The sub-blocks need to contain at least three samples for it to produce any random bits. Apart from that, yes...

From:

naturalborn.livejournal.com

You're throwing out way more information than you have to. Normalizing the input directly is a little silly, you should instead simply estimate how much entropy is in being produced, then hash up all the information you get until it reaches 160 bits, and spit out the sha1 of that in one burst.

It's also a unnecessary to get your bits directly from the source - it's much more efficient to get a seed of 'truly' random bits, then use either AES in counter mode or mersenne twister (depending on your cryptographic needs, or lack thereof) to generate later random numbers.

I'm very bitter about /dev/random blocking unnecessarily. It's a good example of something really basic which the crypto community as a whole can't get its act together on.

From:

ciphergoth.livejournal.com

Thanks for mentioning this, I should have made this clear from the start. I concur completely that for most practical applications the Yarrow-like approach you refer to is more appropriate than this. (I can't see the point of MT in this context - if you don't need cryptographic quality numbers, why go to such effort to get randomness at all?)

However, while in practice I have great faith in SHA-x and AES, their security is unproven. In fact, not only can we not prove that SHA-x is secure for this purpose - we don't even know how to state in precise formal terms what we're assuming about it.

The discussion arose out of how best to gather random bits for applications with unconditional provable security, such as the One Time Pad. I would nearly always recommend against using the OTP, which in most practical situations is less secure than more usual approaches, but I was intrigued by the engineering challenge of how one might gather bits for use in one while preserving the unconditional security.

In practice there are better sources of randomness than Geiger counters full stop, but if you want the strongest theoretical guarantees then an approach like this is interesting. It might also be useful as a conservative entropy estimator.

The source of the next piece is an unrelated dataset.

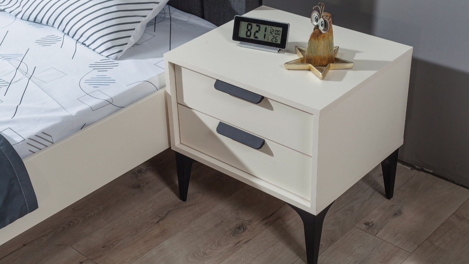 Kolezyum AY Genç Odası Komidin: Pratik kullanımıyla yatağın hemen yanında ihtiyaç duyulan her şeye anında ulaşım sağlar. Şık ve işlevsel tasarımı ile odada mükemmel bir denge kurar.

On your other point, /dev/random wasn't written by a cryptographer. I don't know if I see the point of /dev/random blocking myself - but then there's always /dev/urandom. AFAIK the Yarrow paper is still the best reference we have on practical design of an entropy-gathering CPRNG. You can't hold the community responsible for something that really isn't our responsibility - it's Ted Ts'o's.

From:

pavlos.livejournal.com

Yes, well, I was tempted to mention: Thermal noise, say from a camera or simple amplifier, would probably be a much more plentiful source of randomness than a geiger counter, except that geiger counters are sexier (in a retro 1940's sort of way).

Pavlos

From:

ka9q.livejournal.com

I claim credit for inventing the Linux /dev/random algorithm. It's possible that I did this independently and after someone else, but Ted Tso, the implementer of /dev/random in Linux, got the idea from me.

I remember big arguments over how to estimate the entropy in the pool. I maintained that it didn't really matter because, if you use a good hash function (which may not be as easy as it once sounded), the generator degrades from "true" randomness to "practical" randomness -- an attacker can't predict the future sequence given reasonable CPU, which is all you can really ask for in any cipher.

It wasn't my idea to block /dev/random when the entropy falls too far; but as you say we also have /dev/urandom.

So yeah, the right way to use a Geiger counter to generate random bits is to strobe a fast clock with it, then hash the clock. And hash every other external event you can get your hands on: disk interrupts, keyboard interrupts, network interrupts, etc. Hashing any source of randomness "distills" its entropy regardless of its distribution, and if it's not really random then you've only lost a little CPU time.

From:

silpol.livejournal.com

please open http://www.amazon.com/exec/obidos/ASIN/0201615983 at pages 155-156 ;)

From:

ciphergoth.livejournal.com

And more than four years after your comment, I am finally able to put my hands on my copy. It mentions geiger counter data and describes the Von Neumann unbiasing strategy. I'm not sure I see why you mention it - say more?